Epigenetics, a rapidly emerging biological science, investigates changes in gene expression without any change to the primary DNA sequence. Epigenetics plays an important role in diverse areas, including nutritional sciences, psychology, and environmental sciences. In addition, epigenetic phenomena are closely implicated in various diseases, including cancer and neurological disorders. Even though the importance of epigenetics has been widely discussed in the literature, there is no quantitative assessment on the development of epigenetics. In this paper, we show our metadata analysis of PubMed to quantitatively measure the temporal development of epigenetics. Our analysis indicates that the publication volume of epigenetics will reach 20.7% of all genetics paper in 10 years (year 2029). Based on our analysis, we suggest that epigenetics be added to the biology undergraduate curriculum. ©2019 Author(s). Published by the American Society for Microbiology.

INTRODUCTION

Optimization of curriculum is an essential task in any academic discipline. It is especially so for rapidly developing fields such as the biological sciences. We believe that the readers of the Journal of Microbiology and Biology Education are attentive to optimizing their curriculum so that it can meet the needs of present and future students. In this paper, we share our perspective on an emerging biological science, epigenetics, as a potential subject of undergraduate education. We think that it is important to highlight epigenetics, considering that it does not receive appropriate attention in the higher education institutions. For example, according to our search conducted in December 2018, while most of the 26 universities and colleges in the state of Georgia have courses on genetics, only three institutions offer epigenetics courses (data are available upon request). Of course, being absent in the course catalog does not necessarily mean that epigenetics is completely ignored, as it can be taught as a part of other courses.

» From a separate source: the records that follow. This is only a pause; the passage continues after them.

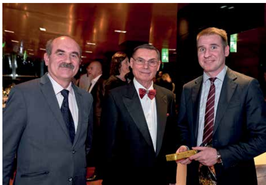
Авторизованные дилеры FK в России: КОМТЕНС и президент FKgroup

быть прозрачны, особенно отношения с поставщиками, партнерами и дилерами. Надо отметить, что FKgroup всегда подходила очень ответственно к установлению отношений с дилерами: у компании, представляющей интересы FK, должны быть хорошая репутация, соответствующие квалифицированные кадры, технические специалисты компании-дилера должны проходить обучение на заводах FK, быть связующим звеном в цепочке производитель-дилер-пользователь. В том же 2017 году компании был присвоен кредитный рейтинг доверия B1.1 по данным европейского рейтингового агентства Cerved Rating, что свидетельствует о стабильной
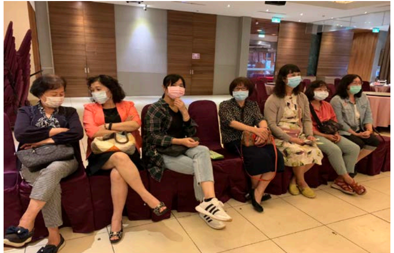
▶歡迎寶眷蒞臨出席例會。
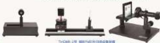
THQHR-1型 辐射与红外扫描成像装置
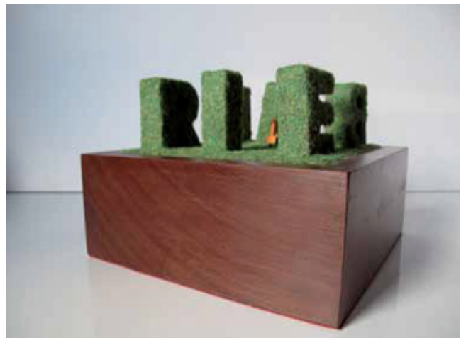
Hierba, 2013 T. mixta 40 x 35 x 30 cm

De nuevo de la mano de un haiku, la artista inicia una nueva serie de ilustraciones. En esta ocasión, uno de Kikusha-ni que le sugiere, con tan pocas palabras y con gran lucidez, ese momento de intimidad con uno mismo. Ese momento en que un individuo se encuentra a solas frente a la Luna, como un instante inmenso, donde pueden aflorar los sentimientos más recónditos. Sentimientos vivos, a flor de piel, son también los versos que ha tomado prestados de varios poetas para ilustrar esta nueva serie agrupada bajo el nombre de Versiones.
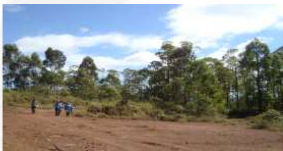
Foto 03. Idem Foto 01 de outro ângulo, onde será construída a planta de beneficiamento, pilha de estéril e anexos.

Furthermore, one may view epigenetics as a non-core subject in undergraduate biology education. According to the Educational Testing Service (ETS; https://www.ets.org), which administers the Major Field Test that measures students’ knowledge in their undergraduate study in the United States, biology is divided into four major fields: cell biology; molecular biology and genetics; organismal biology; and population biology, evolution and ecology (https://www.ets.org/s/mft/pdf/mft_testdesc_biology_4kmf.pdf). Following the view of the ETS, epigenetics may be treated as a specialized subject in biology. Therefore, it may be appropriate to compare course offering of epigenetics with other non-core biology subjects. When this paper was reviewed, reviewers compared epigenetics with immunology as an example of such non-core subjects. We examined the status of immunology for its offering in curriculum, and found that immunology is offered in many institutions, unlike epigenetics (data are available upon request).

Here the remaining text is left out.